Estimating a standard probit model for recessions based on one year lagged term spread over the 1986-2015 period (encompassing the “Great Moderation”) yields:
Prob(recession=1)t = -0.142 – 0.871×spreadt-12 + ut
McFadden-R2 = 0.30. NObs = 360.
[figures edited 2/13 12:45am, to add 2015M02-2015M12 observations]
Where bold denotes significance at 1% msl, using Huber-White standard errors. Using a 20% threshold, the model predicts recession dates correctly 78% of the time, and no recession dates 85% of the time.
The spread on 11 February was 1.35 percentage points. Putting this into the estimated equation yields a value of -1.32, implying a 9.3% probability of a recession within the next year. This is a slightly different probability than that reported in this post due to the flattening of the yield curve since January 11th, and a slightly different sample period (the previous used 1970-2013).
Professor Chinn,
Are you using zeros or NA for the NBER recession index past the June 2014 last entry by NBER of June 2014? I am trying to match your data am having trouble getting the same results as you did. My coefficient on the spread is close at -0.84, but my constant is different at 0-.26, using data from 1986m01 to 2015m12 and a T10Y3m(-12) entry.
AS: I realize now that I had “NA” entries for 2015M03-2015M12. I have set those entries to zero, and re-run the regressions. The new results (only very slightly altered) are now reported. Thanks for catching that.
Also note that when the sample is 1986M01-2015M12, then this includes yield spread from 1985M12.
Professor Chinn,
Using T10Y3M from 1985m12 to 2015m12 shows an output of 361 observations. Also, using the Probit model of: “Recession c T10Y3m(-12)” gives me an output of Prob(recession=1)t = -0.262 – 0.850 x T10Y3M . Evaluating the equation at the February spread of 1.35 percentage points, with recession equal to USRECM and using Norm S Dist I calculate a probability of recession of 7.9%. Thus, I seem to have gone astray.
AS: In EViews set smpl to 1986M01-2015M12. Since the spread is lagged 12 months, then you should end up with 360 observations. In addition, I’m using a manually generated spread, subtracting TB3MS from GS10. Not sure if you are using the same. Then we should get to similar results.
Professor Chinn,
When I switched to using the secondary market 3 month TB data series, my calculations came close to yours at a forecast of 9.5%. Hopefully, I am not making a simple mistake. Perhaps different machines can have slightly different results for non linear calculations?

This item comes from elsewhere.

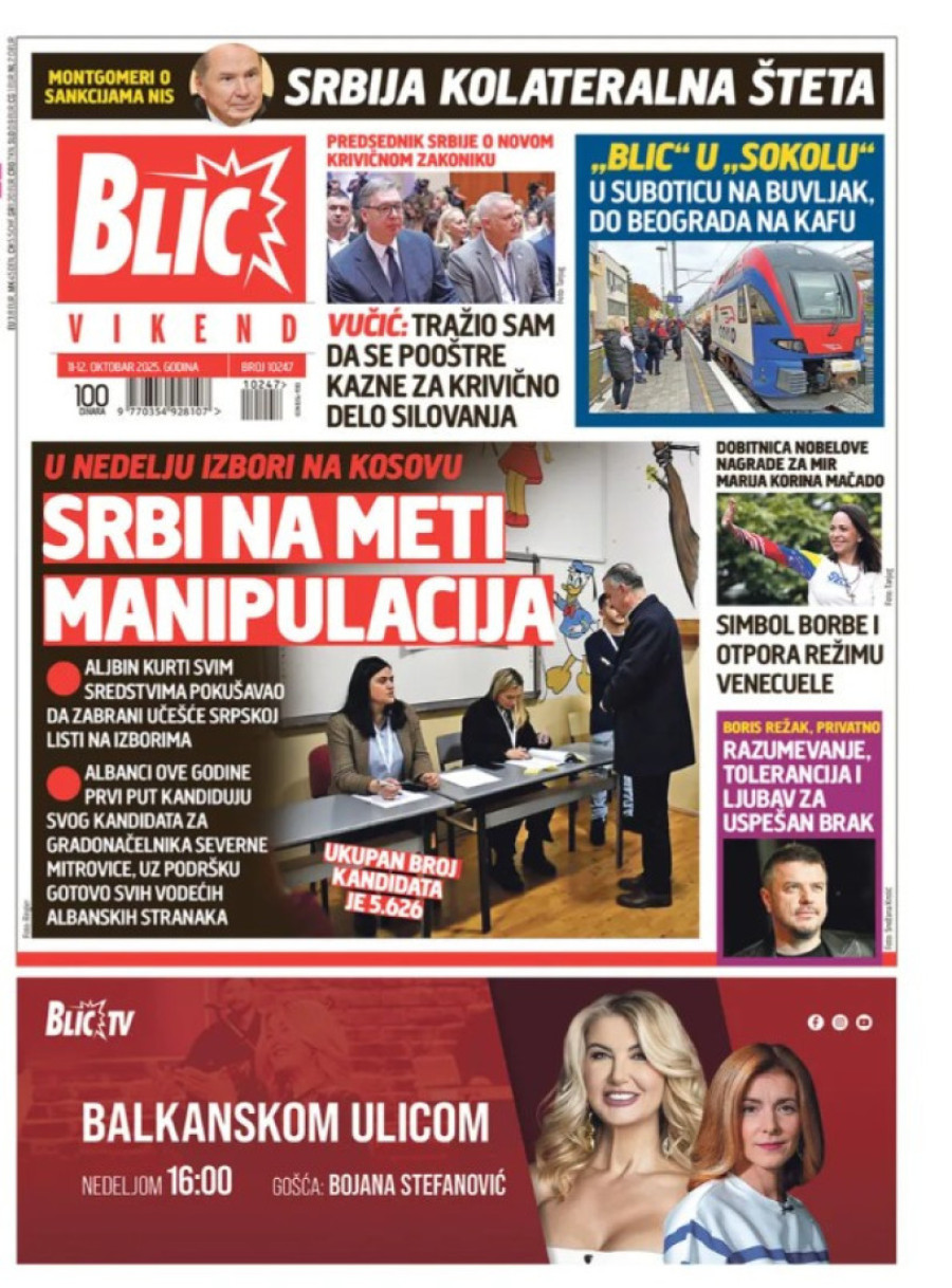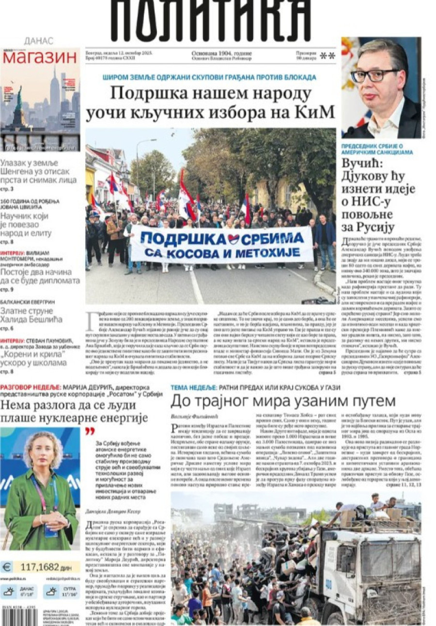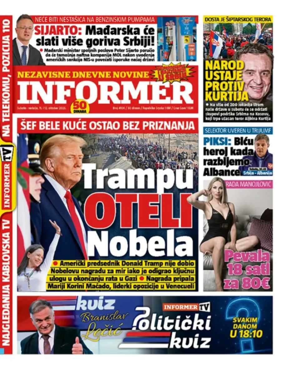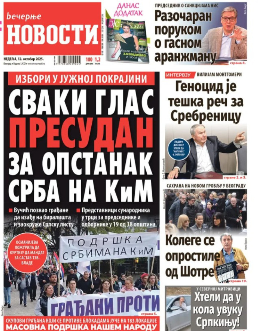 Naslovne strane dnevnih novina: Prelistavanje štampe za 12. oktobar 2025. godine
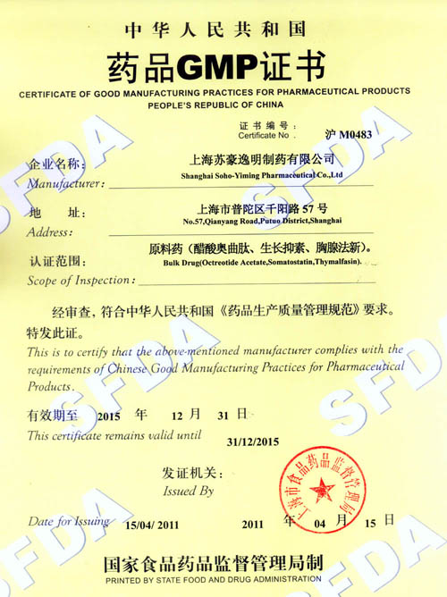 近日,公司(si)胸腺法(fa)新(xin)通過了國家食品(pin)藥(yao)品(pin)監督管理局(ju)GMP認(ren)證,目(mu)前公司(si)共有(you)胸腺五肽(tai)、生長抑素(su)(su)、醋酸奧曲肽(tai)、鮭降鈣素(su)(su)、胸腺法(fa)新(xin)5個品(pin)種獲得(de)(de)國家藥(yao)監局(ju)頒發的(de)GMP證書(shu),目(mu)前,蘇豪逸明制藥(yao)是國內獲得(de)(de)GMP證書(shu)最多的(de)多肽(tai)原料藥(yao)生產商。

A learning question about the use of the secondary market data series, rather than using the FRED series of “T10Y3M”: Why use the secondary market data instead of the FRED series?
Thanks
AS: At this short of a horizon, I think the actually reported figures are better than (an estimated) constant maturity. At the ten year horizon, the difference between the on-the-run 10 year and 10 year constant maturity can be more substantial.
Professor Chinn, thank you for an interesting post – in using the yield curve to predict recessions, my rusty recollection was that some years ago Jonathan Wright estimated a yield curve model where he found that adding in the level of the funds rate improved the fit – as an aside, with the funds rate at zero over recent years, do you think it would be worthwhile/valid to use the Wu-Xia shadow policy rate instead in extending the yield curve model? Thanks very much
Kdavies: My recollection agrees with yours — that Wright found the level of the short rate to be important. In my sample which has a much bigger weight on data from the zero lower bound (first, I think I start later than Wright, in 1986, second I have additional data up to 2015M12), the short rate level does not enter with statistical significance. Hence, I didn’t use that specification.
I would be wary of adding in the shadow rate as a level variable and to calculate the spread w/o thinking hard, since the Wu-Xia version of the shadow rate is inferred from the term structure.
Thanks very much